STAT40800 Data Programming with Python
Hello, dear friend, you can consult us at any time if you have any questions, add WeChat: daixieit
STAT40800 Data Programming with Python (online)
Data Analysis Project
For this project you will study the 2016 Irish Census data. The census is a detailed account of every person living in Ireland. A census is carried out every 5 years by the Central Statis- tics Oﬃce (CSO).
The 2016 Census was broken down into 15 themes, each studying a diﬀerent component of society. Within each theme there are a number of variables/statistics, e.g. within Theme .l sey． age and maruial tuauzt there is a variable for population aged 20-24, population aged 25-29, population aged 30-34, etc.
For this project you will study 2-4 of the census themes. You are free to choose which themes to study. You must analyse the data within your chosen themes and use the data to make inferences about the population of Ireland. For example, is the age proﬁle signiﬁcantly diﬀerent in Dublin compared to Kerry? Or can we predict the level of unemployment in an area based on based on the age demographic, level of education, gender ratio, etc.
The census data is provided at three diﬀerent geographic levels. You are free to use one, two or all three levels. You will ﬁnd these three datasets along with a glossary for the diﬀerent variables on Brightspace. The datasets are as follows:
This excel spreadsheet contains a description for each of the census variables, separated by theme.
· Census by small area.csv
This CSV ﬁle reports the census variables by areas of population with generally 80 to 120 dwellings. small areat were designed as the lowest level of geography for the compilation of statistics in line with data protection and generally comprise of either complete or partial neighbourhoods.
· Census by electoral area.csv
This CSV ﬁle reports the census variables by local electoral area.
· Census by county.csv
This CSV ﬁle reports the census variables by administrative county/city, i.e. county/city
councils. For most counties there is a single county council. However, some counties, such as Dublin, have a city council plus additional county councils.
Your project report should be structured as follows:
1. Introduction: (~ 1 page) Brieﬂy introduce the 2016 Census: what is it, when did it occur? Provide a description of your selected themes and discuss what was measured within each theme. Discuss what you plan to investigate and what you hope to ﬁnd.

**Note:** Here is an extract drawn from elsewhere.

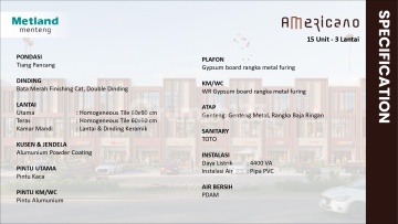PELUANG INVESTASI TERBAIK! RUKO AMERICANO 3 LANTAI Ruko Americano hadir di kawasan premium metland menteng dengan desain arsitektur timeless yang megah, menawarkan 3 lantai ruang usaha. Konsep stylish ala New York ini akan menjadi daya tarik utama dan landmark baru di kawasan anda, menjamin visibilitas tinggi dan lalu lintas pelanggan. Spesifikasi : Type A Dimensi : 5 x 10 Luas Tanah : 100 m² Luas Bangunan: 117 m² Posisi : Badan Kamar Mandi 2 Listrik 4400 watt Keunggulan Ruko - Berada di pusat area komersial Metland Menteng yang sangat ramai dan berkembang - Desain modern dan layout bangunan yang fleksibel untuk berbagai jenis usaha - Akses jalan lebar, memudahkan mobilitas pengunjung maupun operasional bisnis - Potensi nilai investasi tinggi dengan prospek pertumbuhan kawasan yang pesat - Cocok untuk bisnis F&B, minimarket, klinik, salon, kantor, hingga showroom - Tidak banjir - Lingkungan yang asri dan hijau - Dikelilingi komplek Perumahan Mewah Berada di dalam kawasan terpadu Metland Menteng Cakung, Ruko Americano mendapatkan keuntungan akses langsung ke: - 3 menit ke Stasiun MRT Fase 3 Cakung - Tol Jakarta-Cikampek dan JORR serta Toll Tanjung Priok. - Stasiun KRL Cakung - Akses mudah ke Jakarta Garden City, Bekasi & Harapan Indah, Kelapa Gading - 5 menit ke gerbang tol JORR Cakung Timur - Fasilitas sekitar kawasan dekat dengan AEON, IKEA, Sekolah Global Mandiri, Food Garden, Modern Market, Rumah Sakit Mayapada (on progress), SIS (Singapore International School), Sekolah Global Mandiri & St. Yoseph, Mcdonald, Mie Gacoan, MCD, Sambal Bakar, Pizza Hut, A&W, Richeese, Padang Sederhana, SPBU BP & Shell, B-Quick, Children Playground, Mini Forest, Taman Semut, Solaria (soon), Kampung Kecil, Hachi Grill (Soon) dll. Start From Rp. 4M-an Free AC 5 Unit *S&K Berlaku. -L JANGAN TUNDA!! Dapatkan harga dan unit terbaik sebelum diluncurkan secara resmi. Unit Terbatas!! Hubungi kami sekarang juga dan amankan unit impian anda! Telp/WA : Nancy, 08122588xxxx

2. Data cleaning/pre-processing: (~ 1 page) Extract the variables of interest (those relevant for your chosen themes). Structure the data in a sensible manner, giving the variables informative names. Describe any data pre-processing/formatting steps you carried out.
3. Exploratory data analysis: (~ 3 pages) Perform an initial exploratory data anal- ysis (EDA) (similar to the analysis performed in the midterm assignment). Report summary statistics and create graphical summaries. Interpret your ﬁndings.
4. Statistical analysis: (~ 3 pages) Using your ﬁndings from the EDA as a guide, investigate trends in the data and correlations between diﬀerent variables. This could include
performing hypothesis tests to compare diﬀerent counties or groups of counties
ﬁtting and training a regression model to predict the unemployment, percentage of Irish speakers, number of people renting, etc. in an area.
exploring if clusters exist within the data
An exceptional project will combine a number of these ideas or perform these tasks for many diﬀerent variables/relationships. You must describe each method you use and provide evidence that you understand how it works.
5. Conclusion: (~ 1 page) Provide an interpretation of your ﬁndings. What did you learn about the population of Ireland from this analysis? Suggest areas for further investigation.
Page count includes text, ﬁgures and equations, but not code blocks.
A rubric is also included with the project materials. This will help you assess whether your project is of a high enough standard or not. The score for :euhodt 8 anal-tit and Retzlut is separated into exploratory data analysis (EDA) and statistical analysis (SA)
I strongly recommend using Jupyter so that text, code and ﬁgures can be interleaved. If using Jupyter, you must submit your report as both a PDF and .ipynb. If you are using a diﬀerent Python IDE, you should use a text editor, such as Word or LaTeX, to write
your report and submit a PDF of the report and your Python code ( ,p- ﬁle).